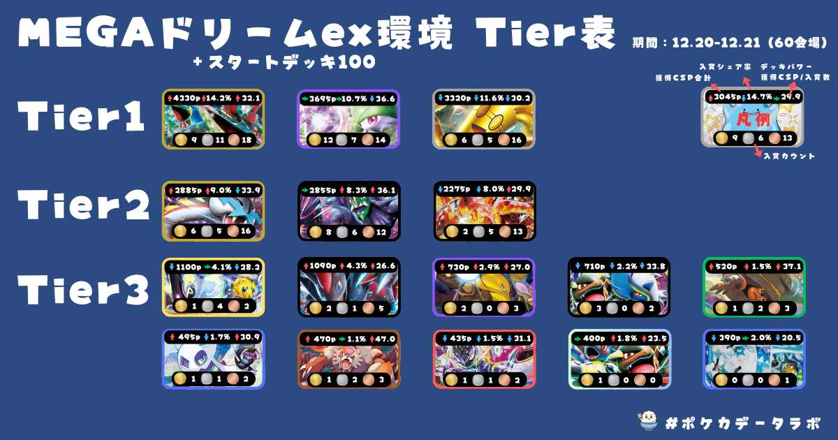 いろんな考え方がありますが単純にTier1~Tier4のように数字で表し、数字が小さいほど強いデッキとなります。また、強いデッキというとは大会では数も多くなるので大会の使用率にも直結してくるので対策がより必要なデッキであると考えることができます。
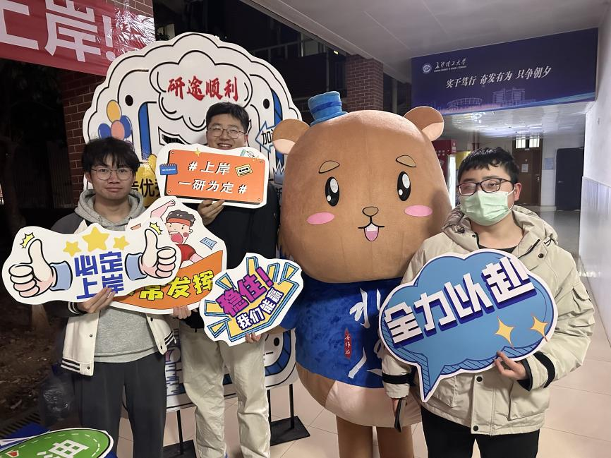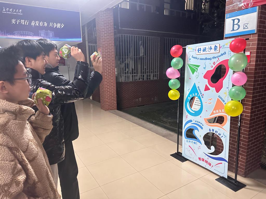 活动现场还进行了幸运大转盘抽奖、好运沙包投掷、水狸玩偶“爱”的抱抱、研途顺利打卡等活动,帮助考研学子舒缓备考压力,激发考前动力,助力研考最后一公里。“乾坤未定,你我皆是黑马!”“分数+1,未来可期”,宿舍楼内考研学子的愿望语以及祝福语布满了留言墙,将一句句温暖的话语传递到每一位考研学子的心间。
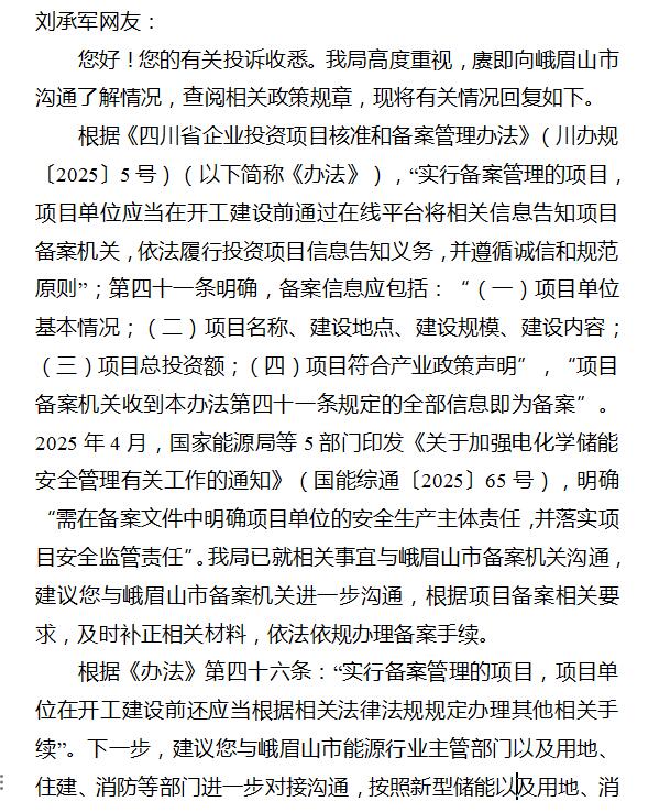 四川省发改委在回复时表示,2025年4月,国家能源局等5部门印发《关于加强电化学储能安全管理有关工作的通知》(国能综通〔2025〕65号),明确“需在备案文件中明确项目单位的安全生产主体责任,并落实项目安全监管责任”。四川省发改委已就相关事宜与峨眉山市备案机关沟通,建议您与峨眉山市备案机关进一步沟通,根据项目备案相关要求,及时补正相关材料,依法依规办理备案手续。

^^^^^^^^^^^^^^^^

*YOUR GOAL:*
Make an exact copy of the listing above. Do not include the pictures.

*YOUR RESPONSE:*
 いろんな考え方がありますが単純にTier1~Tier4のように数字で表し、数字が小さいほど強いデッキとなります。また、強いデッキというとは大会では数も多くなるので大会の使用率にも直結してくるので対策がより必要なデッキであると考えることができます。
 活动现场还进行了幸运大转盘抽奖、好运沙包投掷、水狸玩偶“爱”的抱抱、研途顺利打卡等活动,帮助考研学子舒缓备考压力,激发考前动力,助力研考最后一公里。“乾坤未定,你我皆是黑马!”“分数+1,未来可期”,宿舍楼内考研学子的愿望语以及祝福语布满了留言墙,将一句句温暖的话语传递到每一位考研学子的心间。
 四川省发改委在回复时表示,2025年4月,国家能源局等5部门印发《关于加强电化学储能安全管理有关工作的通知》(国能综通〔2025〕65号),明确“需在备案文件中明确项目单位的安全生产主体责任,并落实项目安全监管责任”。四川省发改委已就相关事宜与峨眉山市备案机关沟通,建议您与峨眉山市备案机关进一步沟通,根据项目备案相关要求,及时补正相关材料,依法依规办理备案手续。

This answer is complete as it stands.